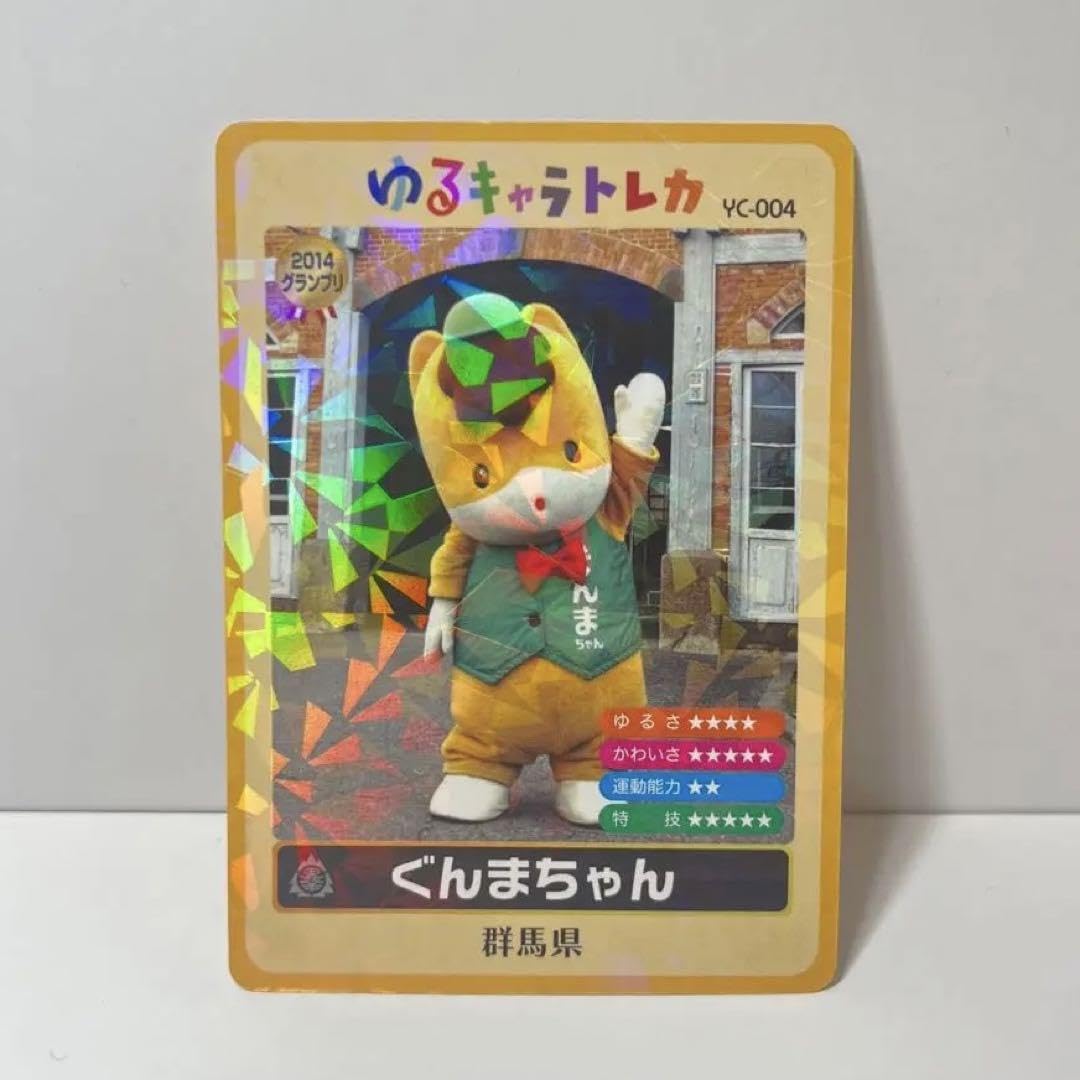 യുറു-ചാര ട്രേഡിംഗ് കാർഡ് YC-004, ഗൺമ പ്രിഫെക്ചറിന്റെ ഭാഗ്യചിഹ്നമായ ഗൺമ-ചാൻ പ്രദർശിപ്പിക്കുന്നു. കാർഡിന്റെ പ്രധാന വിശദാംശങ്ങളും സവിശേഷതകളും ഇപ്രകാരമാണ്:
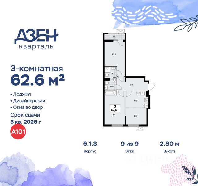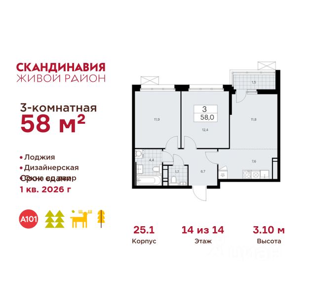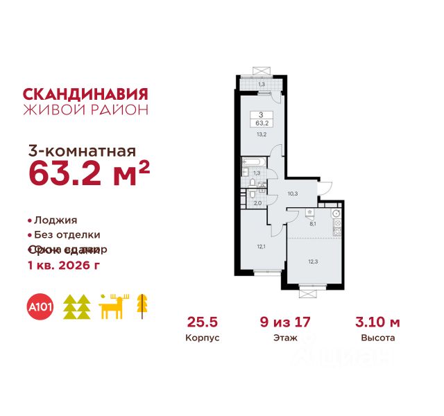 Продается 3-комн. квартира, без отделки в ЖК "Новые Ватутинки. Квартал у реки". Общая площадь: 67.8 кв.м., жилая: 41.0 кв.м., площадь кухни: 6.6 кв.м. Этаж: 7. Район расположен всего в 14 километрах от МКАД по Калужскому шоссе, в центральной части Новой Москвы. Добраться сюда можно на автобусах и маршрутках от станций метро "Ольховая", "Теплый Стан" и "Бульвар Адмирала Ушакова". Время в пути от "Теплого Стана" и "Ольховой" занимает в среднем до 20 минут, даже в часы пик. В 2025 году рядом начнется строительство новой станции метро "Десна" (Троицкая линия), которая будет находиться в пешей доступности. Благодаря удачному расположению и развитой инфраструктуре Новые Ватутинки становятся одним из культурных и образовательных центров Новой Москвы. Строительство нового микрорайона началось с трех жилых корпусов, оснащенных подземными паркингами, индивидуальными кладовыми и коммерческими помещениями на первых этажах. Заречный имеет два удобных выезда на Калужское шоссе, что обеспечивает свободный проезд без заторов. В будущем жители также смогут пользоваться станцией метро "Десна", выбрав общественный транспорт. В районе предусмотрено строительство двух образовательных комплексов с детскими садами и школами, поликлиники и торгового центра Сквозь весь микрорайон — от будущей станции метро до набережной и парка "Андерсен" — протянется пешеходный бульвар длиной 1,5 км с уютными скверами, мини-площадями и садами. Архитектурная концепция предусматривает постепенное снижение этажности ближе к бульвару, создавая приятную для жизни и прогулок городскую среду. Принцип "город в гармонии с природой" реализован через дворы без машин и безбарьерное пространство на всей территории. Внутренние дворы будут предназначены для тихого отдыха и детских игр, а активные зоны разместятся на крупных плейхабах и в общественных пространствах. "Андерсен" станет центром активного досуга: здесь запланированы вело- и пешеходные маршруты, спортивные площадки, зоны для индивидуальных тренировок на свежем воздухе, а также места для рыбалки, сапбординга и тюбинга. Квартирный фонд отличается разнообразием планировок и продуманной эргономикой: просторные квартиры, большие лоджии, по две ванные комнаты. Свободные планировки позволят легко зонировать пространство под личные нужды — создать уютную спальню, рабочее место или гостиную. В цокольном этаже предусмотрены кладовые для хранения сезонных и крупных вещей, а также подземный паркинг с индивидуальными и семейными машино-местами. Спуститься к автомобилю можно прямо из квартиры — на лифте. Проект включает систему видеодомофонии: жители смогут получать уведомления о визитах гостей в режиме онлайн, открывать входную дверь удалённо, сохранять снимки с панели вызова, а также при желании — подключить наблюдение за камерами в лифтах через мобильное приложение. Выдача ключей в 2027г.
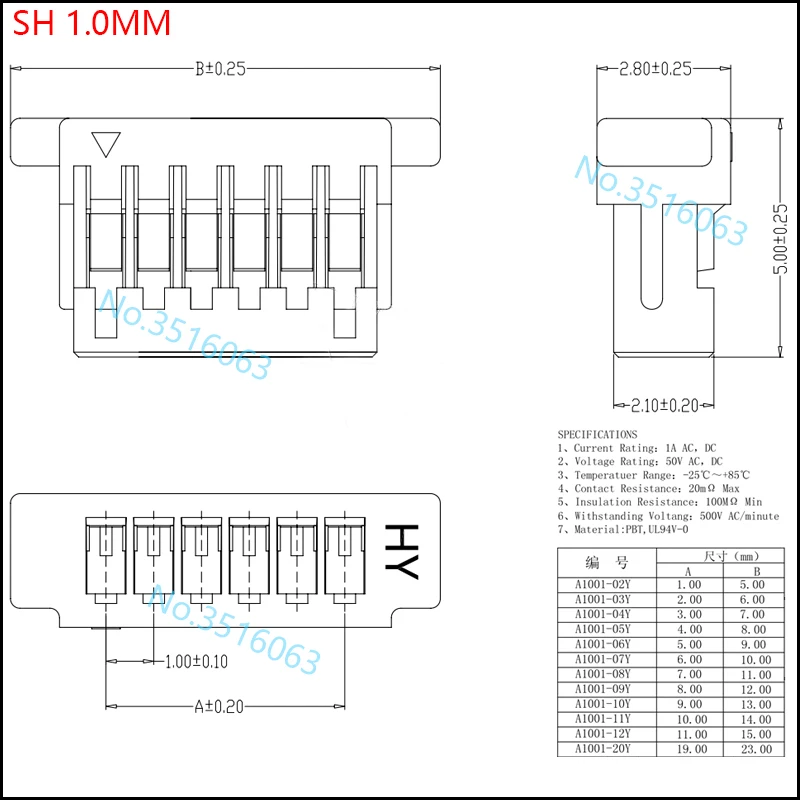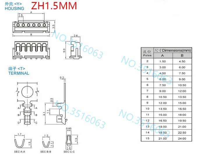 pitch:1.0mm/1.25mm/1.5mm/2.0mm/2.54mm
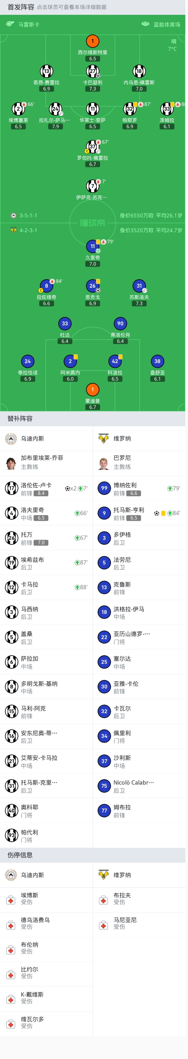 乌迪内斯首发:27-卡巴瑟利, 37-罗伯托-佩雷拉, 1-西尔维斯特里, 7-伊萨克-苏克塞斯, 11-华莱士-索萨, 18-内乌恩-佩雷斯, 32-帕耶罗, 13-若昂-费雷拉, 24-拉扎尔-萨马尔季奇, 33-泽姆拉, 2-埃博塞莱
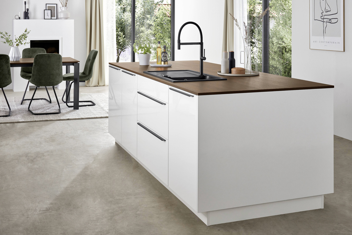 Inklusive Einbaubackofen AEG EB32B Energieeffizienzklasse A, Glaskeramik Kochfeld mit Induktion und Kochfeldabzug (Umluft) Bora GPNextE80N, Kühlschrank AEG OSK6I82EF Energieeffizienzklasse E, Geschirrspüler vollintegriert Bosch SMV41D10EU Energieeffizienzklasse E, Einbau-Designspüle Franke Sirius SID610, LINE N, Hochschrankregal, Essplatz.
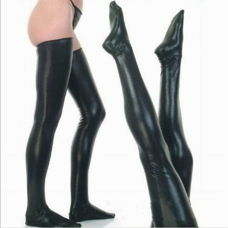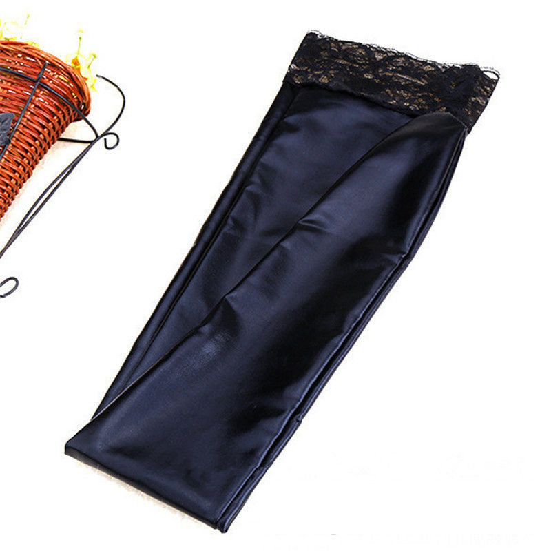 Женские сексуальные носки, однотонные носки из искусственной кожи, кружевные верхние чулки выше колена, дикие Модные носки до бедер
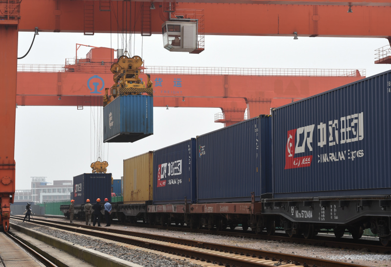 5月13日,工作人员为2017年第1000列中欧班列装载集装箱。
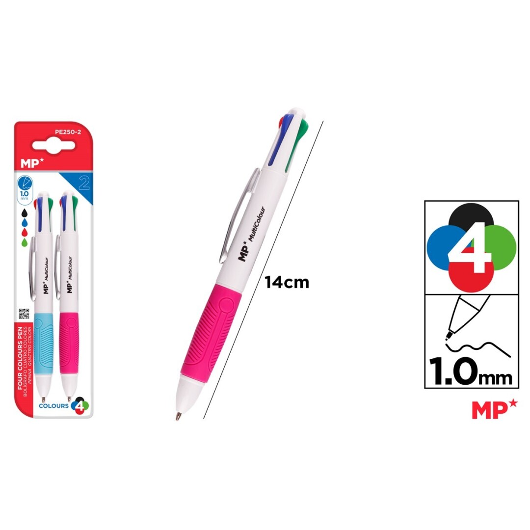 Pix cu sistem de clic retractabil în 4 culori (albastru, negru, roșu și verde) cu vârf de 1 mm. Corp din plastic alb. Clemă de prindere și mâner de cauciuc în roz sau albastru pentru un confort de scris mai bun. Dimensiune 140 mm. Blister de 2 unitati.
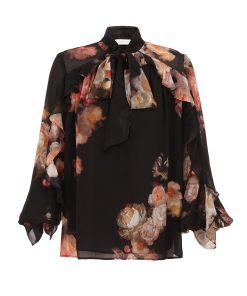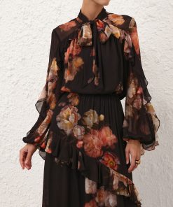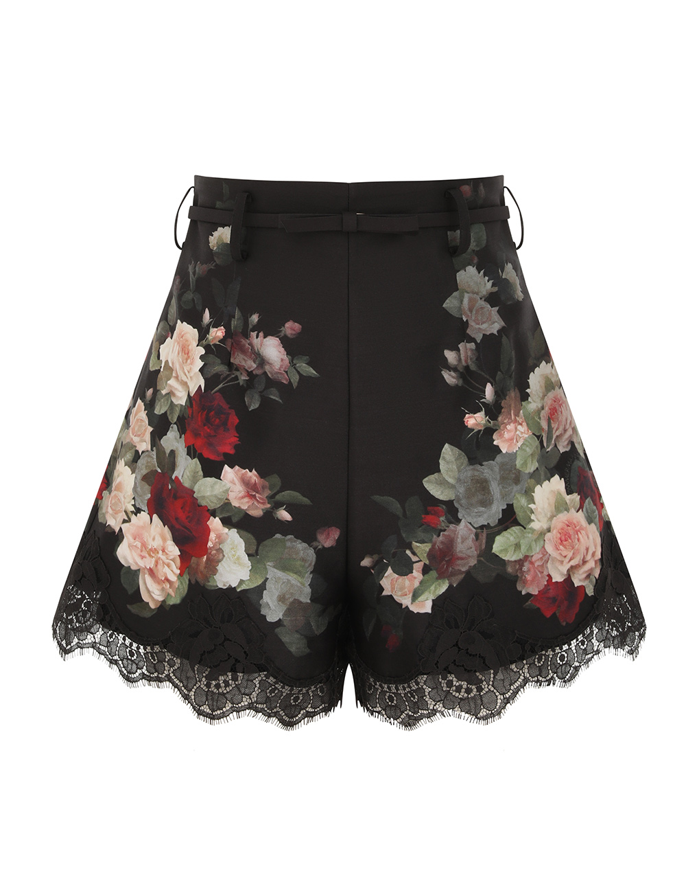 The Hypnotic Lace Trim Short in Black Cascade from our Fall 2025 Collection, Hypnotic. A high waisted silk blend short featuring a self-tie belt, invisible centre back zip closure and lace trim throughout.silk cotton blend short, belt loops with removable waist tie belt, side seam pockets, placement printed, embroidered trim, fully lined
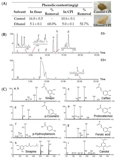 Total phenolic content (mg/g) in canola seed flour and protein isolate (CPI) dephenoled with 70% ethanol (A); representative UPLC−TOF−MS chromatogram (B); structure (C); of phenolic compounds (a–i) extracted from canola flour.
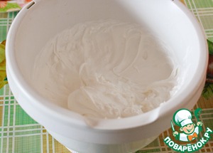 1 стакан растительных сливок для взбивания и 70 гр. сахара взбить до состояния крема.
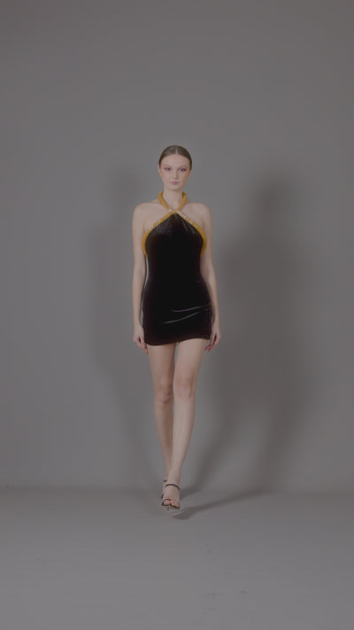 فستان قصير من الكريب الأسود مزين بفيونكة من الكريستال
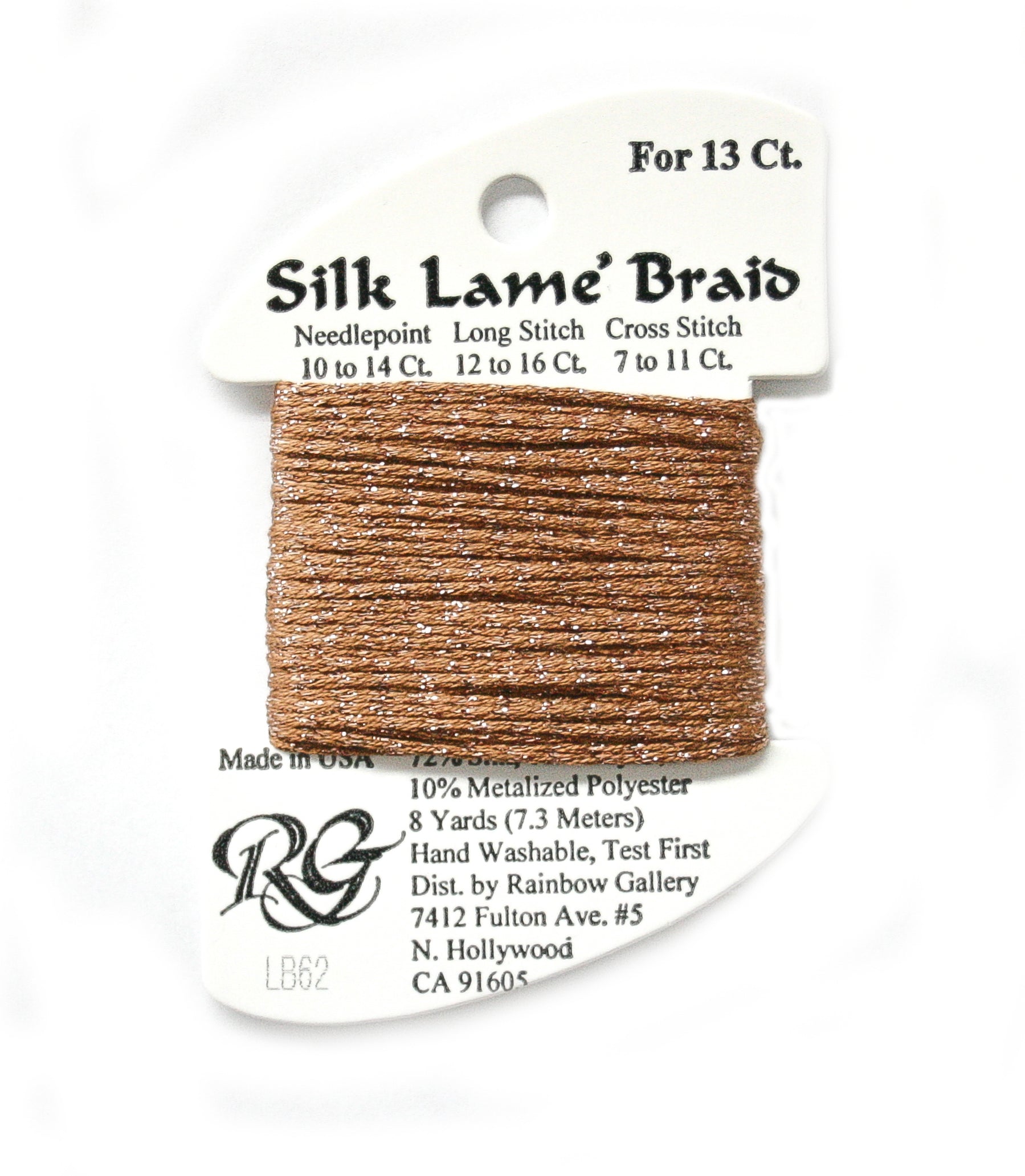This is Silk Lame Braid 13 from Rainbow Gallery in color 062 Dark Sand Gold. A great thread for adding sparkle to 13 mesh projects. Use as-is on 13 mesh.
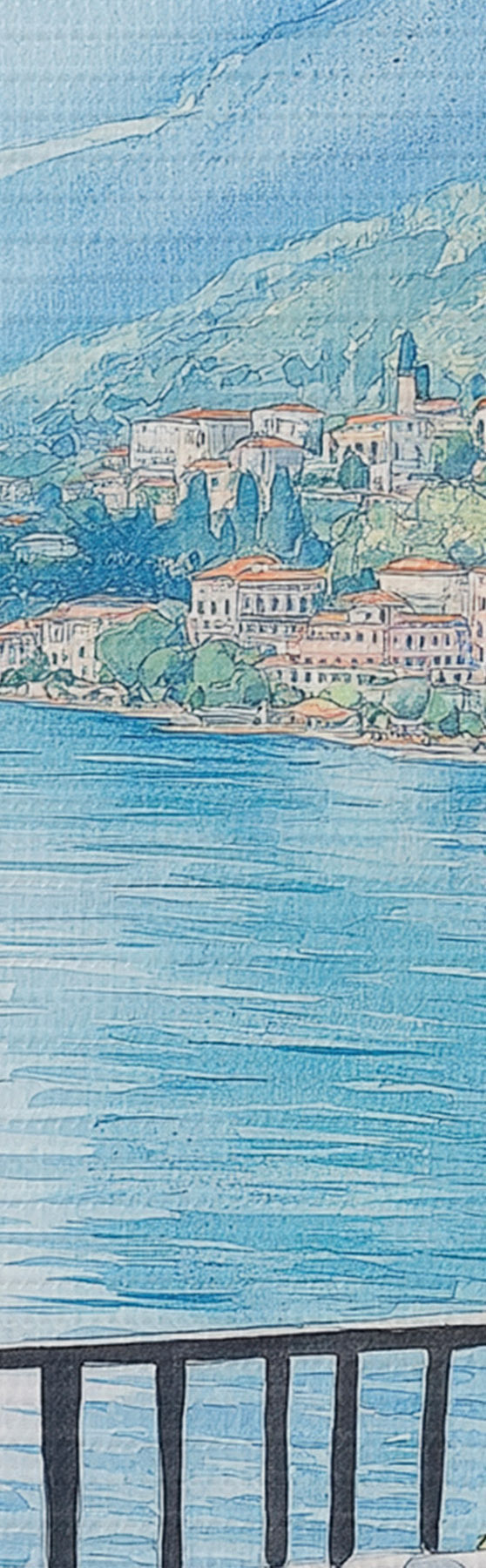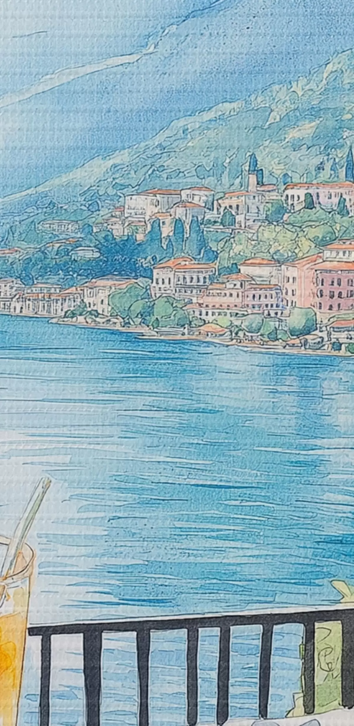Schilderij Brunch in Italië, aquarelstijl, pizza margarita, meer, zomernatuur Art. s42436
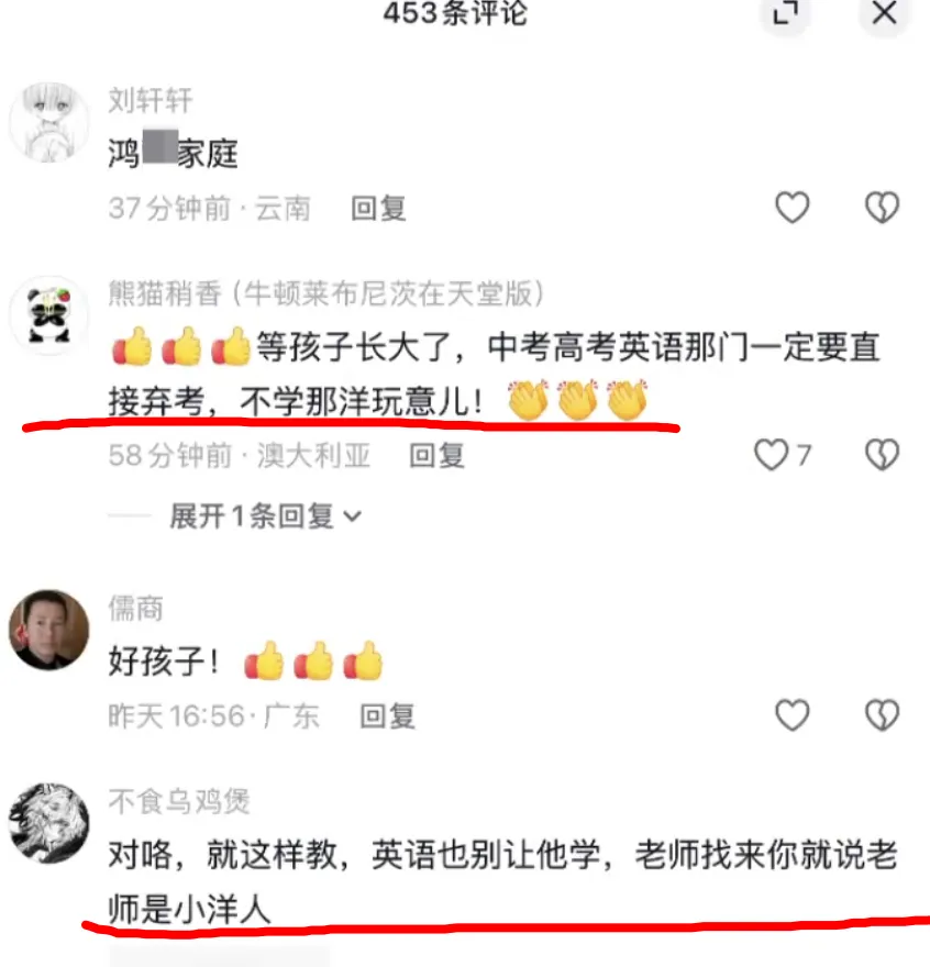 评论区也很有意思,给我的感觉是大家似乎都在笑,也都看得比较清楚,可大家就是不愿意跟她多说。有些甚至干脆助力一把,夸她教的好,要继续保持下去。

******

• **YOUR OBJECTIVE**
The line that contains "24-拉扎尔-萨马尔季奇, 33-泽姆拉, 2-埃博塞莱" begins the part to retype, and the last line of the records above ends it. Retype both and everything between, exactly, without the pictures.

• **TASK ANSWER**
 乌迪内斯首发:27-卡巴瑟利, 37-罗伯托-佩雷拉, 1-西尔维斯特里, 7-伊萨克-苏克塞斯, 11-华莱士-索萨, 18-内乌恩-佩雷斯, 32-帕耶罗, 13-若昂-费雷拉, 24-拉扎尔-萨马尔季奇, 33-泽姆拉, 2-埃博塞莱
 Inklusive Einbaubackofen AEG EB32B Energieeffizienzklasse A, Glaskeramik Kochfeld mit Induktion und Kochfeldabzug (Umluft) Bora GPNextE80N, Kühlschrank AEG OSK6I82EF Energieeffizienzklasse E, Geschirrspüler vollintegriert Bosch SMV41D10EU Energieeffizienzklasse E, Einbau-Designspüle Franke Sirius SID610, LINE N, Hochschrankregal, Essplatz.
 Женские сексуальные носки, однотонные носки из искусственной кожи, кружевные верхние чулки выше колена, дикие Модные носки до бедер
 5月13日,工作人员为2017年第1000列中欧班列装载集装箱。
 Pix cu sistem de clic retractabil în 4 culori (albastru, negru, roșu și verde) cu vârf de 1 mm. Corp din plastic alb. Clemă de prindere și mâner de cauciuc în roz sau albastru pentru un confort de scris mai bun. Dimensiune 140 mm. Blister de 2 unitati.
 The Hypnotic Lace Trim Short in Black Cascade from our Fall 2025 Collection, Hypnotic. A high waisted silk blend short featuring a self-tie belt, invisible centre back zip closure and lace trim throughout.silk cotton blend short, belt loops with removable waist tie belt, side seam pockets, placement printed, embroidered trim, fully lined
 Total phenolic content (mg/g) in canola seed flour and protein isolate (CPI) dephenoled with 70% ethanol (A); representative UPLC−TOF−MS chromatogram (B); structure (C); of phenolic compounds (a–i) extracted from canola flour.
 1 стакан растительных сливок для взбивания и 70 гр. сахара взбить до состояния крема.
 فستان قصير من الكريب الأسود مزين بفيونكة من الكريستال
This is Silk Lame Braid 13 from Rainbow Gallery in color 062 Dark Sand Gold. A great thread for adding sparkle to 13 mesh projects. Use as-is on 13 mesh.
Schilderij Brunch in Italië, aquarelstijl, pizza margarita, meer, zomernatuur Art. s42436
 评论区也很有意思,给我的感觉是大家似乎都在笑,也都看得比较清楚,可大家就是不愿意跟她多说。有些甚至干脆助力一把,夸她教的好,要继续保持下去。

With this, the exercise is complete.